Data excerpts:
------------------------------------
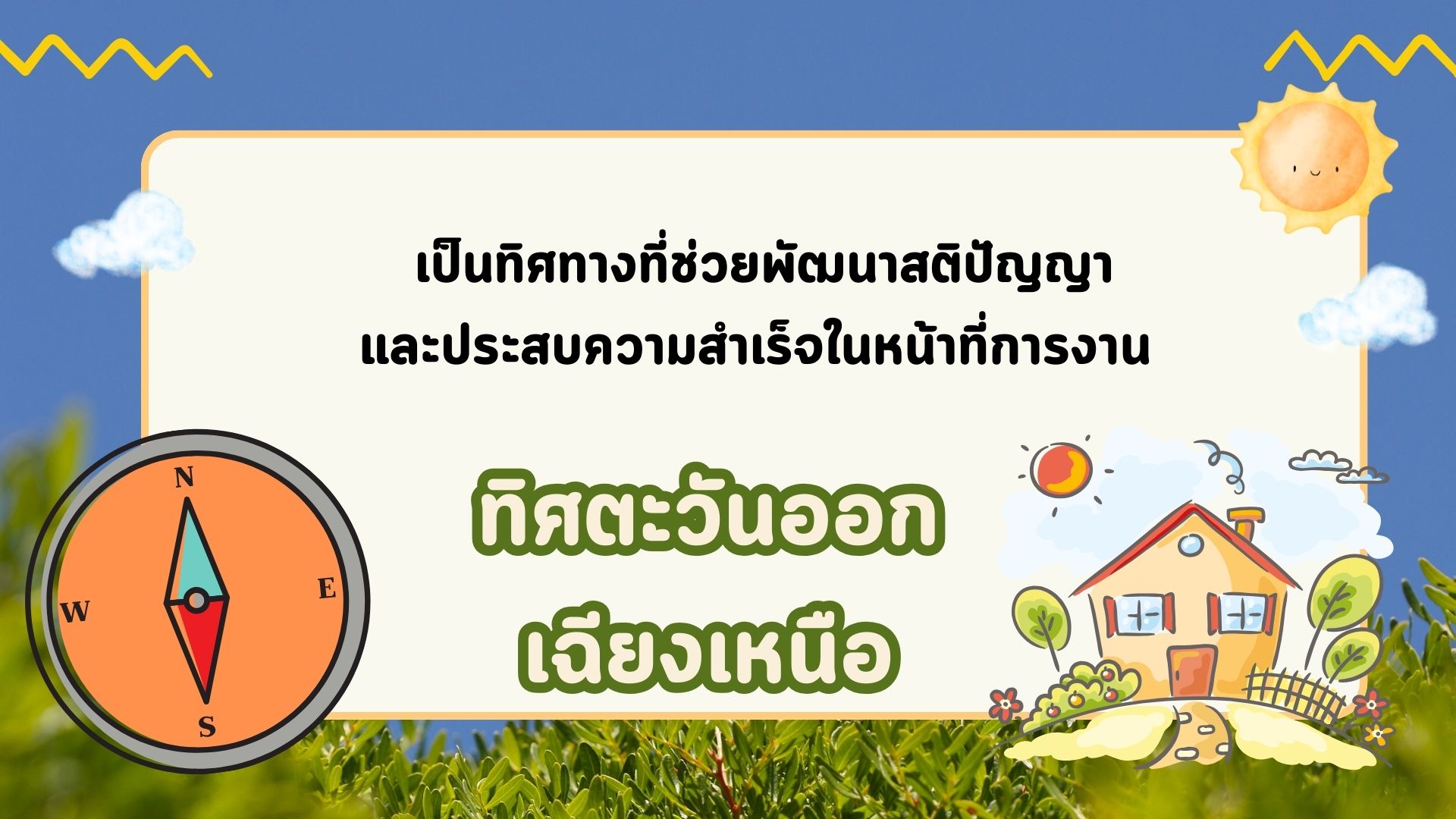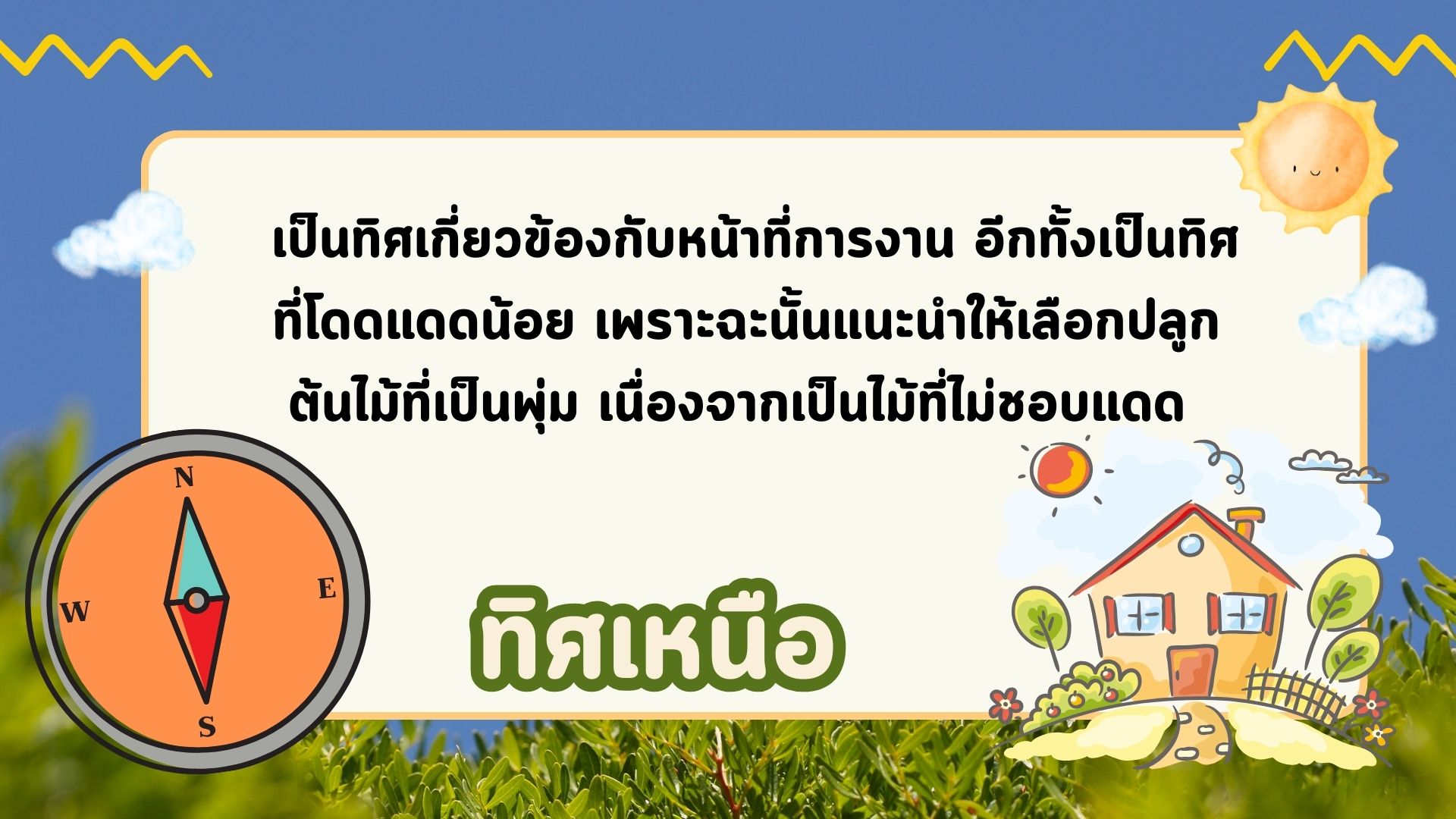 ทิศตะวันออกเฉียงเหนือ : เป็นทิศทางที่ช่วยพัฒนาสติปัญญา และประสบความสำเร็จในหน้าที่การงาน ต้นไม้ที่เหมาะปลูกทิศทางนี้ได้แก่…
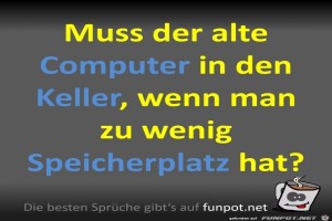 | Zu wenig Speicherplatz Bild (68.1 KB) 11Lustiges → klasse Sprüche und Witze Wenn der Speicher voll ist, bleibt wohl nur noch Platz im Keller ;-) | Lustiges → klasse Sprüche und Witze | 26.07.21-10:34 | ||
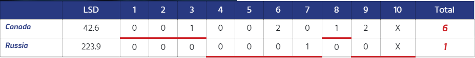 | 1 | Canada | Gauthier Jacques Peters Jordan Payette Brayden Bilawka Zachary Dunlop Thomas | 9 | 34,23 | 2 | |
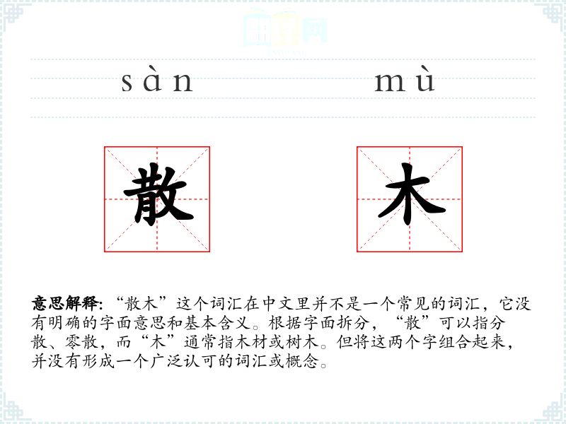 “散木”这个词汇在中文里并不是一个常见的词汇,它没有明确的字面意思和基本含义。根据字面拆分,“散”可以指分散、零散,而“木”通常指木材或树木。但将这两个字组合起来,并没有形成一个广泛认可的词汇或概念。
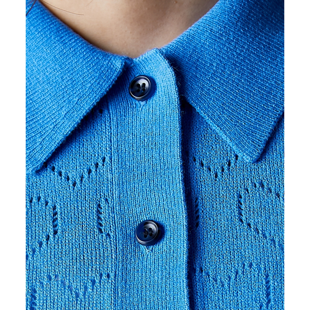 襟付きのデザインがきちんと感を演出し、カジュアルながらも洗練されたスタイルを叶えます。
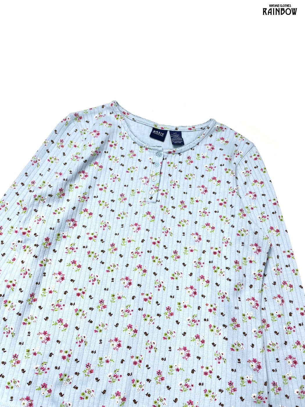 古着 BASIC EDITIONS ベーシックエディションズ 花柄 コットン 長袖 Tシャツ 青 水色 (ttu2601040)
------------------------------------
## [Task to complete]
Please transcribe, word for word, every line from the first line of the records above through the line containing "34,23 | 2 | |", and leave out any pictures.

## [Solution]
 ทิศตะวันออกเฉียงเหนือ : เป็นทิศทางที่ช่วยพัฒนาสติปัญญา และประสบความสำเร็จในหน้าที่การงาน ต้นไม้ที่เหมาะปลูกทิศทางนี้ได้แก่…
 | Zu wenig Speicherplatz Bild (68.1 KB) 11Lustiges → klasse Sprüche und Witze Wenn der Speicher voll ist, bleibt wohl nur noch Platz im Keller ;-) | Lustiges → klasse Sprüche und Witze | 26.07.21-10:34 | ||
 | 1 | Canada | Gauthier Jacques Peters Jordan Payette Brayden Bilawka Zachary Dunlop Thomas | 9 | 34,23 | 2 | |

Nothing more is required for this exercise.